Helen McCrory arrives hungry. We’re meeting on a spring afternoon in a pub around the corner from her north London home, and Helen hasn’t yet eaten. She’s got a couple of hours before she has to pick up her children – Manon, 10, and Gulliver, nine – from school, and she fully intends to make the most of them.
‘Are you sure this is all right?’ she asks as she orders the soup of the day. ‘I mean, really? OK, well, I think I’ll have the lamb as a main… I’ll come back for pudding.’
We sit outside. Helen is tiny: slender and upright with the poise of a ballerina. She is also wildly entertaining. At 48, she is one of those women whose face is accentuated by faint wrinkles rather than oppressed by them – and she couldn’t care less anyway, given that she is constantly in work. Actresses over 35 are routinely asked if they’re concerned about the lack of roles for ‘older women’. When I raise this, Helen deadpans, ‘Well, I hope they find work.’
For her, it’s never been a problem. She finds vanity and self-regard boring.

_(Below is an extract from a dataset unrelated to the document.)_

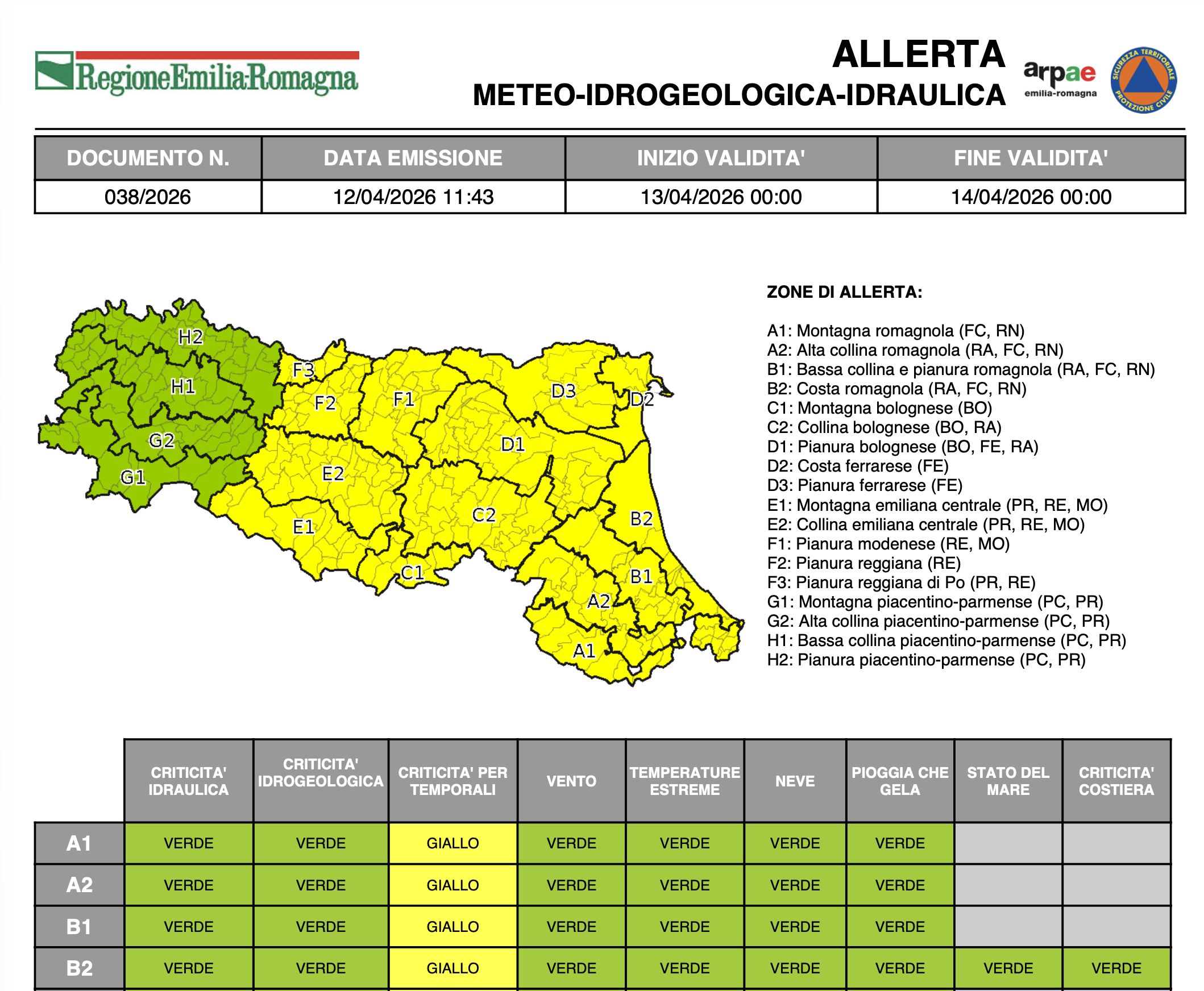 Emessa “Allerta Gialla” per criticità temporali per lunedì 13 aprile

Recently, she took on the part of Elizabeth I for the children’s TV series Horrible Histories, and ‘I begged the director to let me have a bald cap, a pockmarked face and blackened teeth. And he was like, “But we could make her look so beautiful.” I said, “Yeah, but where’s the fun in that?”
‘Ageing hasn’t changed that much for me because it’s never been, “Elle Macpherson’s not available, let’s get McCrory!”’
Helen is more interested in characters ‘if they’re different from me. That’s what I enjoy most about the job.’ Her career has been both impressive and varied – from big-budget box-office catnip (Narcissa Malfoy in the Harry Potter films) to small-screen critical acclaim (Aunt Polly in Peaky Blinders) to dazzling stage performances (her electrifying 2014 turn as Medea won her a Critics’ Circle Theatre Award for Best Actress).